In the wake of heavy monsoon rain and flash floods in Jammu and Kashmir, the Indian Armed Forces were deployed in increasing numbers starting 2 September 2014 to conduct search, rescue, relief, relocation, humanitarian assistance and rehabilitation missions in Jammu and Kashmir. By 18 September, over 298,514 people were rescued from the various parts of Jammu and Kashmir by the Armed forces. The Jammu and Kashmir floods, the worst in a century according to Omar Abdullah, the Chief Minister of Jammu and Kashmir, paralyzed the state government. Omar Abdullah, responding to public criticism, told the media "I had no government" in the first few days following the floods, as "My secretariat, the police headquarters, the control room, fire services, hospitals, all the infrastructure was underwater." Adding "I had no cell phone and no connectivity. I am now starting to track down ministers and officers." The Jammu and Kashmir floods of 2014 have been blamed on heavy rainfall, about 8 inches (200mm) on 4 September alone, on climate change, unplanned and uncontrolled development, encroachment of river banks, lakes, ponds, and massive loss of wet lands, absence of local government flood forecasting system, and poor governance. The Armed Forces humanitarian assistance mission in response to the floods was named Mission Sahayata (assistances). Northern Command's humanitarian assistance to Civil authorities was named 'Operation Megh Rahat'. The Indian Army, Air Force, and the Navy, committed large resources to the assistance mission including over 30,000 troops ( 21,000 in Srinagar, and 9000 in Jammu), 15 engineer task forces, 84 Indian Air Force and Army Aviation Corps fixed wing transport aircraft and helicopters, naval commandos and rescue specialists, and Base Hospital, four field hospitals, over 106 medical detachments. "Operation Megh Rahat", ended on 19 September 2014, but "Operation Sadbhavna", the relief and medical assistance support, according to government press release, will continue in "close synergy with the civil administration and the police".
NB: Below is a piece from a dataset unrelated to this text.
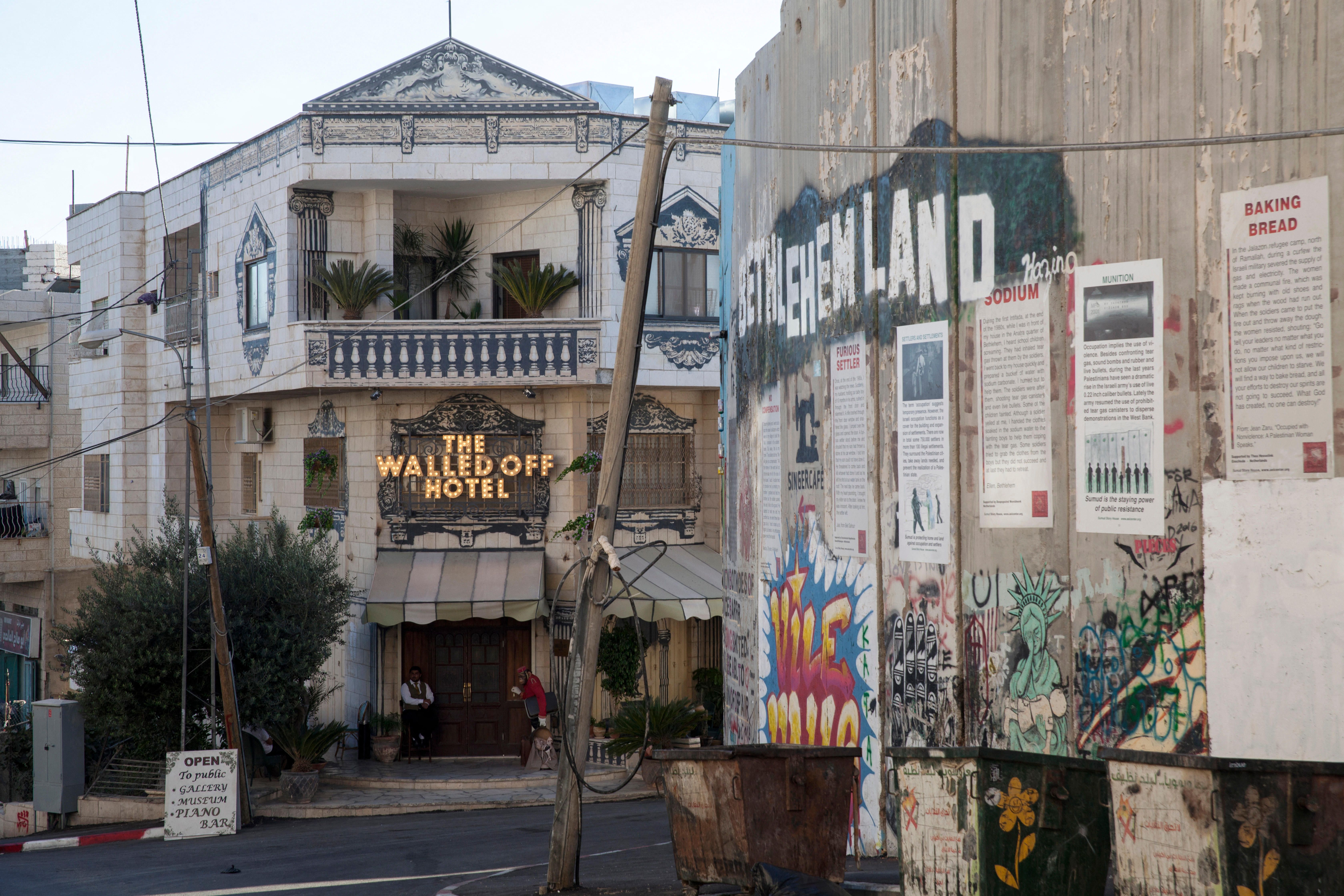 In 2004, the United Nations declared Israel’s 425-mile-long wall illegal. Banksy has said the barrier “essentially turns Palestine into the world’s largest open prison”. On the hotel’s website, the wall is described as “either a vital security measure or an instrument of apartheid”— “depending on who you talk to”.

==Disaster Management in India==
The organization, structure, laws, protocol, and arrangements for disaster management at the Federal and State level are outlined in a manual titled Disaster Management in India, and the Disaster Management Act, 2005, which provides for "the effective management of disasters" in India. The Disaster Management Division (DM Division), under the Secretary, Border Management, Ministry of Home Affairs (MHA), Government of India, is responsible for " response, relief and preparedness for natural calamities". The Head of Disaster Management Division is G.V.V. Sarma, Joint Secretary. The head of Border management is Ms Sneh Lata Kumar, Secretary, Border Management.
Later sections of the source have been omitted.